5.  Reasons for not arguing against a restriction requirement include the short term given for responding to the restriction requirement, wanting to defer costs and wanting to defer filing complex arguments until substantive examination.

6.  Whether or not arguments will be filed in response to the restriction requirement a group must be elected.  It is important to carefully consider which group to elect.  Normally one chooses a group based on its commercial importance and how likely those claims are to be allowed.  Clearly this is an important decision given the potential loss of claim scope that could occur.

7. Once a group has been elected, one must assume that the claims cannot be amended in a way where they would fall into another identified restriction group.  That can sometimes cause problems in examination where for example conversion of a product claim to a method claim would be desirable to overcome objections, but which is not possible given the way the subject matter was divided into restriction groups.

8. As part of the restriction requirement there may also be a requirement to elect a species.  This is to assist in searching and focussing examination and does not result in loss of claim scope.  However there is a possibility that in examination restricting to the elected species may be suggested by the Examiner, and therefore careful thought should be given to which species are elected.
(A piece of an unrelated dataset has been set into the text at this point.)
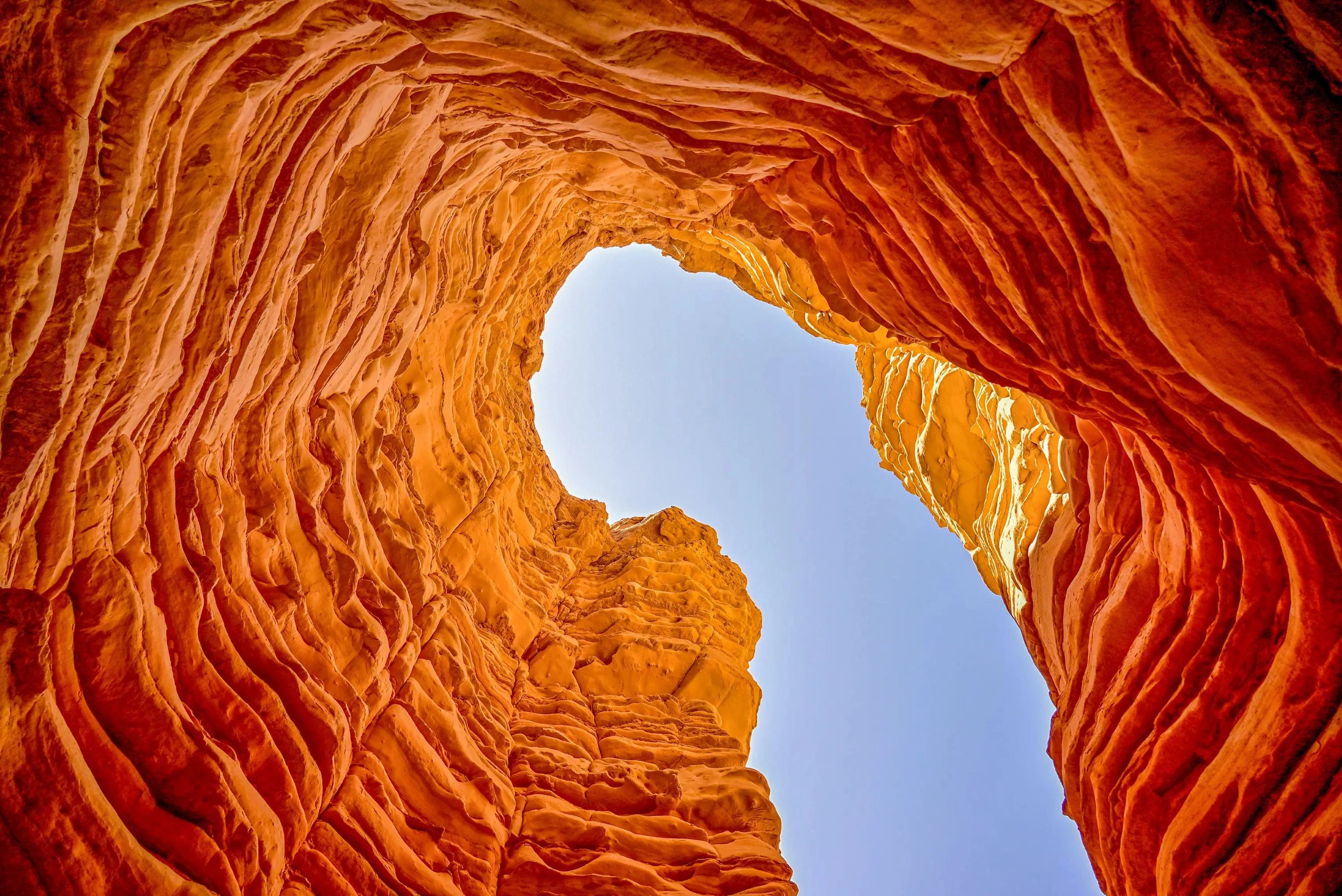 風蝕岩壁如時光的刻刀,將億萬年的故事雕琢成通天洞的蒼穹之眼。紅黃灰三色岩層交錯,壯年期的雅丹城堡群是大地寫給天空的狂草詩。

9.  Bear in mind the possibility of a rejoinder at the end of examination, where the Examiner may join to the allowed claims non-elected claims if they have the features which result in patentability.  Therefore non-elected claims should not be ignored during examination, and consideration should be given to amending them as examination proceeds to increase the possibility of rejoinder being considered.

10.  Divisional applications can be filed to unelected subject matter.  So in theory loss of claim scope can be avoided.  However in practice cost considerations will limit the number of divisional applications that can be filed.